Exercise aim:
Make an exact copy of all the data.

Information given:
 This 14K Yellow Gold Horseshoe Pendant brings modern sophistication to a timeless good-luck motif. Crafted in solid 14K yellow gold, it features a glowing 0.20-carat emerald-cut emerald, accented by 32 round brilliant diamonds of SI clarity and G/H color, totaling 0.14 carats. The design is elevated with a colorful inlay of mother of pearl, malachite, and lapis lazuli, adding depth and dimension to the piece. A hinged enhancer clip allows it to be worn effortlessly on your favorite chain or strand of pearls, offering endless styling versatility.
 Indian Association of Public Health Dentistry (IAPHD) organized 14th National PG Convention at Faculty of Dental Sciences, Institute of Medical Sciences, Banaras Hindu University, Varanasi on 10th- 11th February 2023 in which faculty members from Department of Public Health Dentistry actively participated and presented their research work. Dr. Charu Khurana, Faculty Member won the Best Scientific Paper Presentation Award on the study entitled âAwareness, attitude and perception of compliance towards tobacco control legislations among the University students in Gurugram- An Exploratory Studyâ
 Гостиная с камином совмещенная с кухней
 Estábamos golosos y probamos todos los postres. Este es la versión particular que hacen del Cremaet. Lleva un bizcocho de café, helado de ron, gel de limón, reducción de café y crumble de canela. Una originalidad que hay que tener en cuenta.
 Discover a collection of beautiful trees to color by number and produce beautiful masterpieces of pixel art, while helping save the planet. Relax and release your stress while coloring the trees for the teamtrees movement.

Written answer:
 This 14K Yellow Gold Horseshoe Pendant brings modern sophistication to a timeless good-luck motif. Crafted in solid 14K yellow gold, it features a glowing 0.20-carat emerald-cut emerald, accented by 32 round brilliant diamonds of SI clarity and G/H color, totaling 0.14 carats. The design is elevated with a colorful inlay of mother of pearl, malachite, and lapis lazuli, adding depth and dimension to the piece. A hinged enhancer clip allows it to be worn effortlessly on your favorite chain or strand of pearls, offering endless styling versatility.
 Indian Association of Public Health Dentistry (IAPHD) organized 14th National PG Convention at Faculty of Dental Sciences, Institute of Medical Sciences, Banaras Hindu University, Varanasi on 10th- 11th February 2023 in which faculty members from Department of Public Health Dentistry actively participated and presented their research work. Dr. Charu Khurana, Faculty Member won the Best Scientific Paper Presentation Award on the study entitled âAwareness, attitude and perception of compliance towards tobacco control legislations among the University students in Gurugram- An Exploratory Studyâ
 Гостиная с камином совмещенная с кухней
 Estábamos golosos y probamos todos los postres. Este es la versión particular que hacen del Cremaet. Lleva un bizcocho de café, helado de ron, gel de limón, reducción de café y crumble de canela. Una originalidad que hay que tener en cuenta.
 Discover a collection of beautiful trees to color by number and produce beautiful masterpieces of pixel art, while helping save the planet. Relax and release your stress while coloring the trees for the teamtrees movement.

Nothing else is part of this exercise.